Jim has all the best tools
With my posts cut to length and tops beveled to accommodate the top rail, the next trick was to figure out how to drill the holes for my cables.  Unlike the through-and-through holes drilled into the newel posts surrounding the loft, the holes for the staircase's newel posts would have to be drilled at an angle that corresponded to the stair case's angle of ascent.  Unfortunately, drilling metal at an angle is far from a straight forward proposition...in fact, it requires very big and very expensive equipment to accomplish.  With a strong desire to keep my railing's fabrication entirely "in-house," I reasoned the next best option would be to offset my holes from one side of the post to another in a way that would allow my cables to make a straight linear run down the steps.  Below are schematics of this dilemma and solution.

If holes are drilled through-and-through like the loft's posts, each cable's linear course becomes disrupted as it passes through each post...and that's not sexy.
On the flip side, if you use the staircase's angle of ascent (which in my case is 30.7 degrees), you can calculate how much to offset the holes.  Using a protractor, we calculated this offset and drilled our holes accordingly.


Offsetting holes

Offsetting the holes thus allows each cable to pass through the intermediate posts without disruption:
Offset holes with straight cable runs...now that's sexy



The last major design consideration was figuring out a method for attaching each newel posts to the staircase...a rather tricky proposition given the staircase's mono-stringer design.
Hmmm....where to attach the newel posts?  No outside stringer to tie into.  See what I mean...simple is complex.

Obviously, using the same brackets I designed to affix each newel post around the loft's perimeter wasn't an option...there simply isn't anything to which the bracket could be bolted.  I somehow needed to figure out a way to connect each newel post to the steel portion of the staircase to ensure the railing would be rigid enough to perform its function (all without cluttering up the design and overall aesthetic).

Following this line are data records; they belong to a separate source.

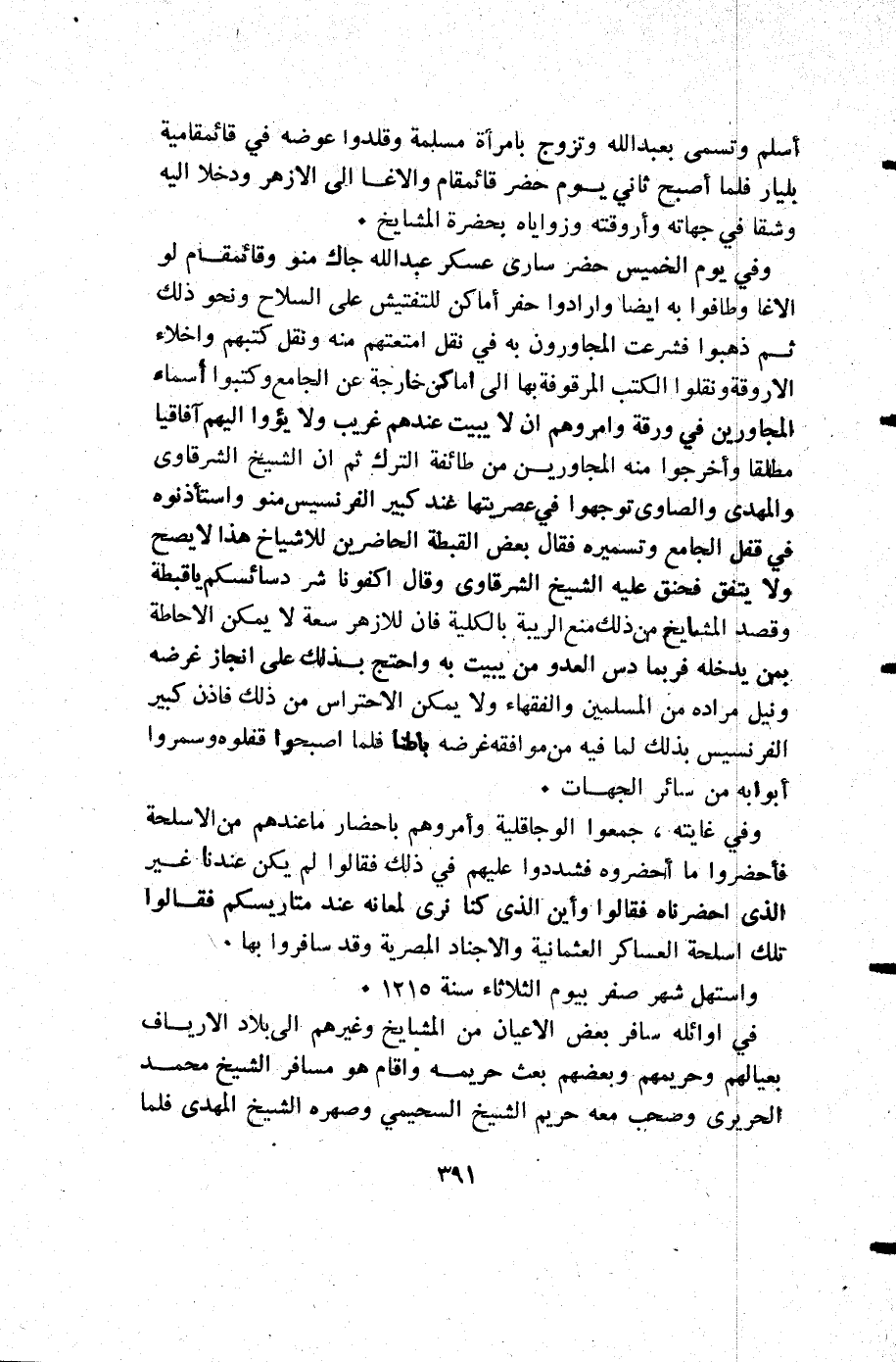 وفي يوم الخميس حضر سارى عسكر عبد الله جاك منو وقائمقام لو الاغا وطافوا به أيضا وأرادوا حفر أماكن للتفتيش على السلاح ونحو ذلك ثم ذهبوا فشرعت المجاورون به في نقل امتعتهم منه هو نقل كتبهم واخلاء الاروقة ونقلوا الكتب الموقوفة بها إلى أماكن خارجة عن الجامع وكتبوا أسماء المجاورين في ورقة وأمروهم أن لا يبيت عندهم غريب ولا يؤوا إليهم آفاقيا مطلقا وأخرجوا منه المجاورين من طائفة الترك ثم أن الشيخ الشرقاوي والمهدي والصاوي توجهوا في عصريتها عند كبير الفرنسيس منو وأستاذ نوه في قفل الجامع وتسميره فقال بعض القبطة الحاضرين للاشياخ هذا لا يصح ولا يتفق فحنق عليه الشيخ الشرقاوي وقال اكفونا شر دسائسكم ياقبطة وقصد المشايخ من ذلك منع الريبة بالكلية فإن للأزهر سعة لا يمكن الاحاطة بمن يدخل فربما دس العدو من يبيت به واحتج بذلك على انجاز غرضه ونيل مراده من المسلمين والفقهاء ولا يمكن الاحتراس من ذلك فاذن كبير الفرنسيس بذلك لما فيه من موافقة غرضه باطنا فلما أصبحوا قفلوه وسمروا أبوابه من سائر الجهات.
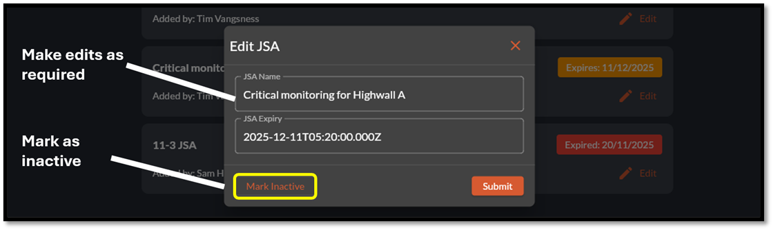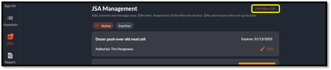 JSAs can be added, edited and marked as inactive. Old JSAs
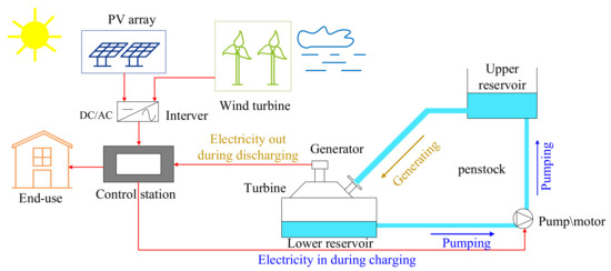 - Xu, B.B.; Chen, D.Y.; Venkateshkumar, M.; Xiao, Y.; Yue, Y.; Xing, Y.Q.; Li, P.Q. Modeling a pumped storage hydropower integrated to a hybrid power system with solar-wind power and its stability analysis. Appl. Energy 2019, 248, 446–462. [Google Scholar] [CrossRef]
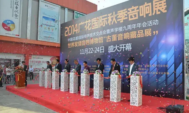 同期,“2014广花国际秋季音响展”也与11月22日盛大举行。中音协周海昌会长、陈立新秘书长以及广州市科信局领导、花都区政府罗干政副区长、花都区电子行业协会刘建佳会长、声学楼管委会魏世雄名誉主席、声学楼管委会杨春秘书长出席了以及相关电声企业主要负责人等出席启动仪式并剪彩。
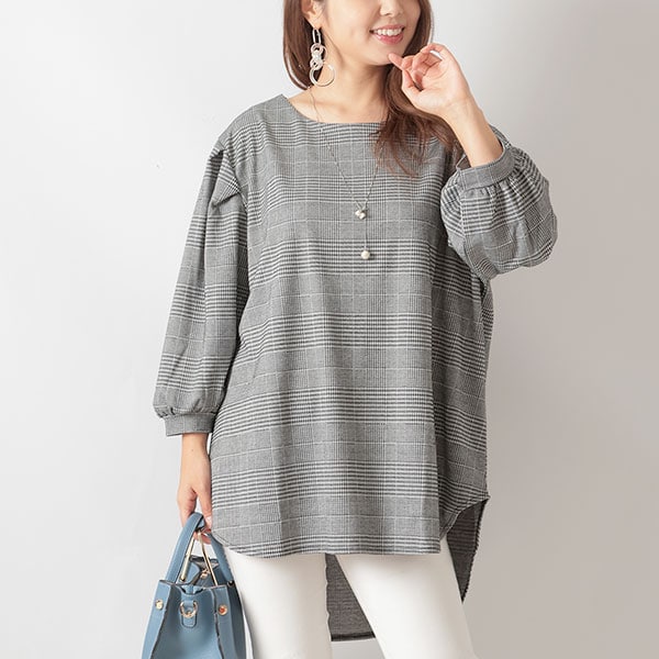 大人の雰囲気漂うジャガードチュニックの登場です。前後差のあるデザインで前はすっきり、後ろは気になる部分をカバーしてくれます。ボリュームのあるふんわりした袖で二の腕もカバー☆後ろのファスナーで後ろ姿もぬかりなし!シンプルなデザインなので小物でポイントをつけたりおしゃれが楽しめそう☆

To accomplish all these things, I needed a solution that was both "low profile" and robust/strong....after all, a big, clunky steel bar connecting my newel post to the staircase's spine would sort of defeat all the work I had done up to this point.  With these considerations in mind, I settled on the following concept:


Here is a rough schematic as viewed from the side of the staircase

This alternative view is what you would see if you were standing on the staircase itself and looking between the steps (Cut me some slack, I know this schematic is pretty screwy looking.  I can't draw to save my life)

As you can see from the schematic above, each newel post is recessed (aka "notched") partially into each tread...I felt this detail gave the railing a more custom, integrated appearance and would also provide some added stability to each newel post.  Achieving the above concept was a bit of a process. Before committing to this design, I did a "dry fit" mock up using a spare tread I had and a wooden clamp to hold things in place:

Dry fit mock up (the white "S" is short for "support bar")

View from underside (support bar is also mild steel)
 The next step will just be to do it for real!